When I started teaching I have no idea how to manage my stress and eating habits. After signing up for a half marathon with a couple of co-workers I painfully got back into running. I went from being able to run a 5:20 mile to dying after running 3 miles at 10 minute pace. It was horrible, humbling and painful but from that point on I was focused on getting better. My first half marathon was 1:59 and in the most recent marathon I ran in April I crossed the half marathon point in 1:39. So now that I have had four years of better habits I thought I might share my insight with you.

Let's start with excuses.

I would but...

My hips hurt when I run.
I am just too tired at the end of the day.
My schedule is way to busy.
I can't handle the heat and humidity.
I have kids.
It's too cold.
I just don't have the energy.
I just don't have time.

Are you guilty of any of these? The truth is that if you are making excuses you are not ready to change your habits. What you are really saying is that you are not willing to give up your current lifestyle in order to change or add something to your life. Change is scary. We like to do what we know, even if it hurts us. There are many places in your day that you can sacrifice a current way of life in order to add running or exercise in general to your day. Do I dare even ask how much time you spent scrolling through Facebook or Instagram today? There's your hour.

You have to plan your exercise regime and set aside that time in your day. Don't schedule anything during that time if possible. You have to change your mindset to "plan your schedule around your exercise time" rather than "fit in exercise around your schedule." Schedule doctor's appointments, meetings and other obligations for outside of those times. I know that some days of the week I have meetings after school that I can't get out of, so I plan those days of the week as my off day so I don't have to try and get a run in after teaching followed by an hour plus meeting.

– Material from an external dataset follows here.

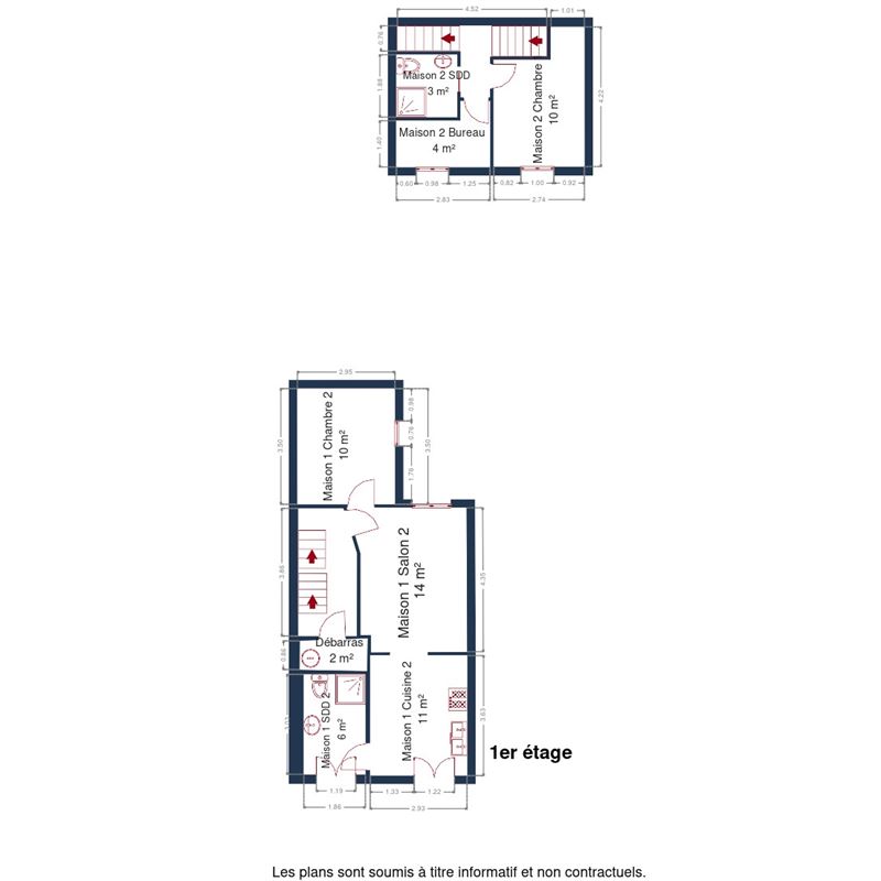 ·1er étage : hall de nuit, séjour, cuisine, chambre et salle de douche,

Don't set yourself up for failure. Know who you are and what you are willing to do. If you like to go out with your coworkers after work then don't plan your exercise during that time. If you won't get up early before work then don't plan your exercise during that time. Now if you like to go out, you won't wake up early and you won't work out at night then you can refer to a couple of paragraphs up; your not ready to change.

Find an accountability buddy. Hire a personal trainer or a coach. I guarantee if you are paying for it you are going to stick with it! Find a coworker who is willing to show up at the same time as you. Heck, go on Instagram and find an exercise community who is cheering you on. You can be held accountable by posting your workouts each time.

Let's talk about kids. I know that kids take up time and energy but there are lots of people with kids who are healthy. You have to take care of yourself in order to take care of your family, do it for them! Putting in an exercise regime sounds energy depleting but it will actually give you more energy to keep up with your family. Get up before them, take them with in the stroller, find a gym with childcare or get some home gym equipment.You don't have to have a 15 mile run in order to get some exercise in, take your kids out for a family walk or get walking when your kids are at soccer practice and you are waiting to pick them up. If you want some inspiration you can read this article on an amazing mother who ran a 3:11 marathon pushing 3 kids in a stroller 😲


Change is scary but you can do it. Yes it is going to hurt. Yes you are going to have to make some sacrifices and yes it's going to require planning ahead. Are you ready?

Need some help getting in a back to school routine? Email coach.n.fischer@gmail.com to get started!

www.runwithcoachfischer.com

Comments

Popular posts from this blog

Full Review of WhitePaws RunMitts - The Gear You Need to Try!

Science In Sport (SiS) REGO Rapid Recovery Review

"He Who Chases Two Hares Catches None"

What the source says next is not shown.